You are viewing a plain text version of this content. The canonical link for it is here.
Posted to user@accumulo.apache.org by Andrew Hulbert <ah...@ccri.com> on 2015/10/14 18:56:42 UTC
Tweaking non-bulk Ingest Performance
Hi all,
I've been attempting to improve a streaming ingest client into Accumulo
and have been playing with a few of the following settings:
tserver.memory.maps.max (and in tandem
table.compaction.minor.logs.threshold and tserver.wal.blocksize)

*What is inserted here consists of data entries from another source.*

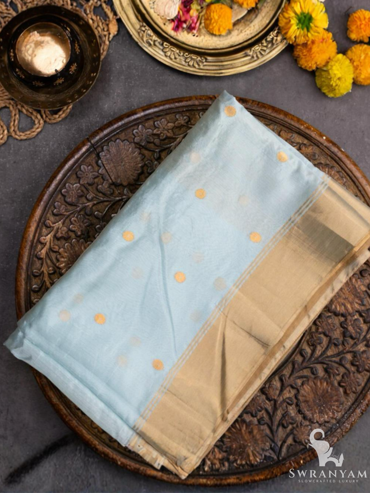 Sky Blue Chanderi Pattu Handwoven Saree with Gold Polka Motifs and Border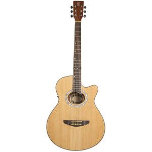 Mini jumbo electro-acoustic guitar with cutaway, designed to offer a comfortable grip and good playing versatility. Its spruce top helps deliver clear projection, while the agathis back and sides provide a structure suited to regular use. The maple neck ensures a stable playing feel, and the fingerboard and bridge in compound rosewood complete a coherent and balanced setup.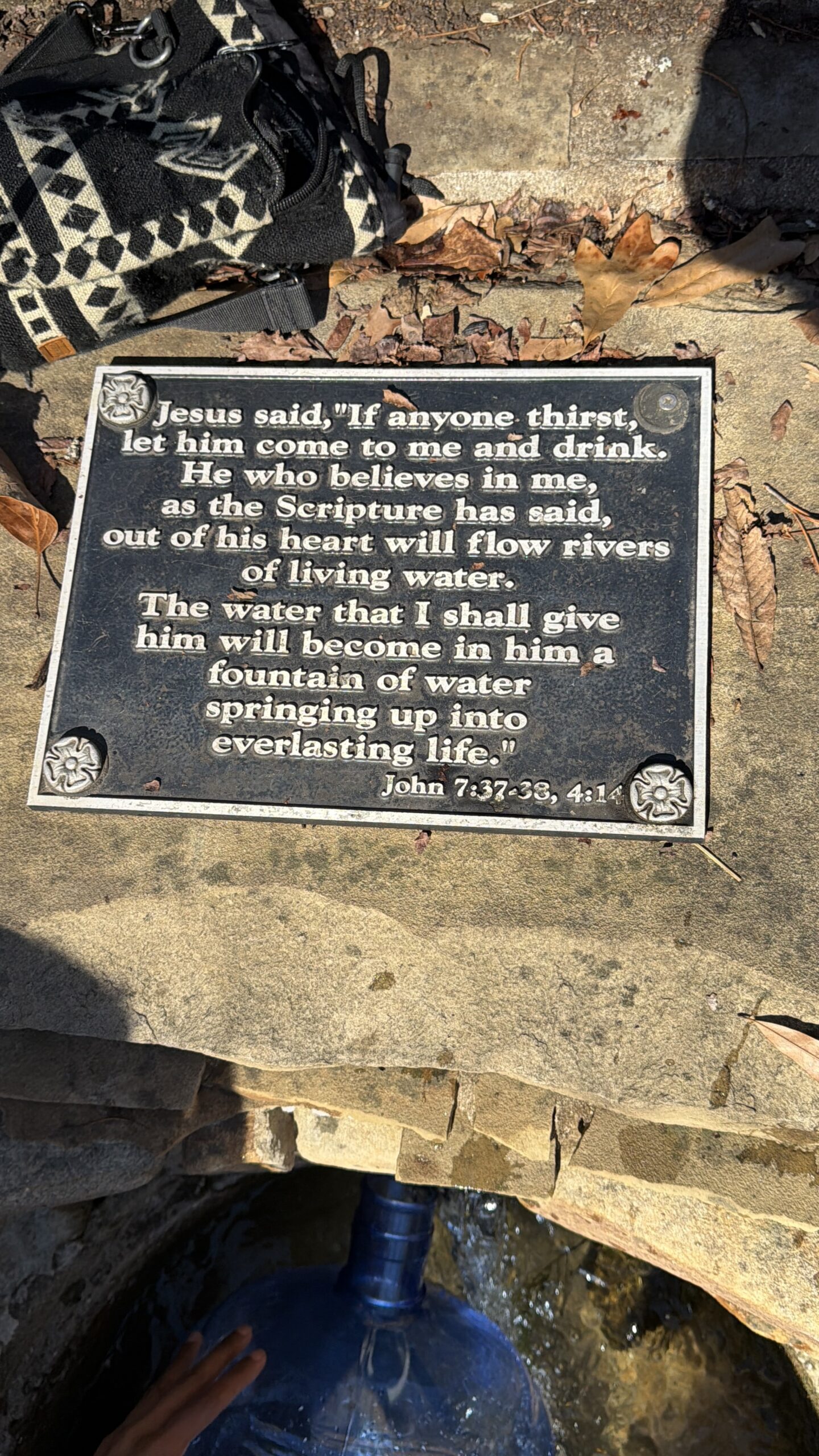 1. So grateful for water! Be sure to show gratitude for the land in the water. I also highly recommend just getting the freshwater coming out of the pipe. I had to put my jug in the pool part and my son definitely was putting his hands in the water. I would also recommend a wagon. It’s not a super long walk from your car if you park at the church to the spring, but it can be much easier because it’s a flat grass surface in between. Also go straight where you see a small brick cage building and go to the left of it. You’ll see some stone seating areas and then you will see beyond that where the spring water comes out at. I was able to put my 5 gallon drug in, but it did get into the pool part of the water. The water that I actually got straight, came straight from the pipe so I would not recommend getting water directly from the pool because you don’t know who has put cups in there or hands. We definitely did

tserver.mutation.queue.max
In one set of tests i stood up ~200 batch writers and wrote approx 250M
tweets into a couple of different index schemas. What I've noticed is
that increasing the tserver.memory.maps.max from 1G to 2G or 4G actually
slows down my ingest rate. Cutting it to 512M forced lots of compactions
and high server load but a faster ingest.
I attached a screen shot of the two ingests (the
tserver.mutation.queue.max=4G in green) (33 nodes, -Xmx26G, 8 CPU, 4 SSDs)

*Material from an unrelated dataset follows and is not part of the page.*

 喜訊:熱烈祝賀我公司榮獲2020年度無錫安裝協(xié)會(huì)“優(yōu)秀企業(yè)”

My question is whether anyone has done any performance tweaking for
non-bulk ingest on a cluster and understands why that'd be the case?

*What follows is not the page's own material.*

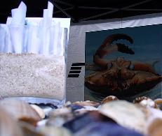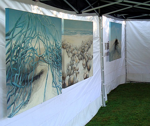 Hier is nog een impressie van de 'Stille reis' waar ik het dinsdag over had. In het schilderij met de zee-egels zit de bodem van een petfles verwerkt, in de andere een loden naamplaatje en een kluwen touw. In weer een ander schilderij zit een bepokt onderbeentje van een voetballerpop verwerkt. Het is de bedoeling dat de kijker gaat jutten met de ogen en steeds nieuwe dingen ontdekt.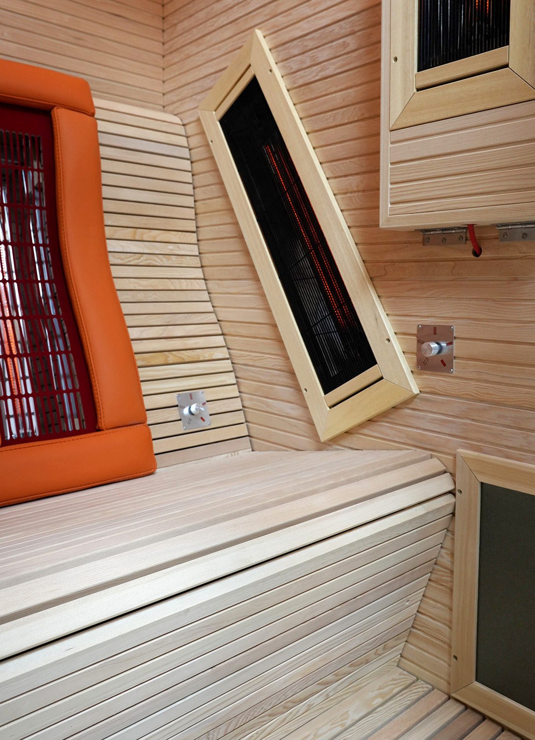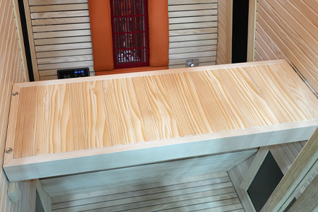 8mm厚铁杉木桑拿板,新款墙板(款式新颖,符合当下极简风格)、18mm厚实木凳板、柚木边框。德国EOS汗蒸控制器,日本进口碳纤维丝远红外加热板,欧洲进口理疗管。专利设计多功能翻转小桌板,食品级耐高温硅胶软垫(可选黑、灰、橙颜色),耐高温防烫植绒护网,天地轴隐藏式五金合页(安全美观),4+4mm夹胶钢化玻璃, 喜马拉雅盐晶灯(内置LED暖光灯带无频闪),蓝牙音乐播放器,高品质音响,谷沃德门把手。

I've read through all the docs/etc but haven't found a consistent
methodology for tweaking params...so I was wondering if anyone else had
attempted to tune a cluster like this.
Thanks for any ideas!
Andrew
Re: Tweaking non-bulk Ingest Performance
Posted by Eric Newton <er...@gmail.com>.
What version of accumulo?
Make sure you don't have any hotspots. For example, if you have data
ordered by time, that may cause one tablet to be much busier than the
others.
Pre-split your table(s) so that you have 20-80 tablets per tserver that you
will be ingesting into.
Use multiple writers per node (or increase the number of batchwriter
threads).
If you are using 1.7, decrease the Durability setting on your table. That
may depend on your needs, of course.
Likewise, you can decrease the WAL replication down to 2, if you are
comfortable with that.
If you have multiple updates for the same row, make sure the column updates
are in the same mutation.
You should see about 100K ingest (for small updates) per node, per second,
sustained.
-Eric
On Wed, Oct 14, 2015 at 12:56 PM, Andrew Hulbert <ah...@ccri.com> wrote:
> Hi all,
>
> I've been attempting to improve a streaming ingest client into Accumulo
> and have been playing with a few of the following settings:
>
> tserver.memory.maps.max (and in tandem
> table.compaction.minor.logs.threshold and tserver.wal.blocksize)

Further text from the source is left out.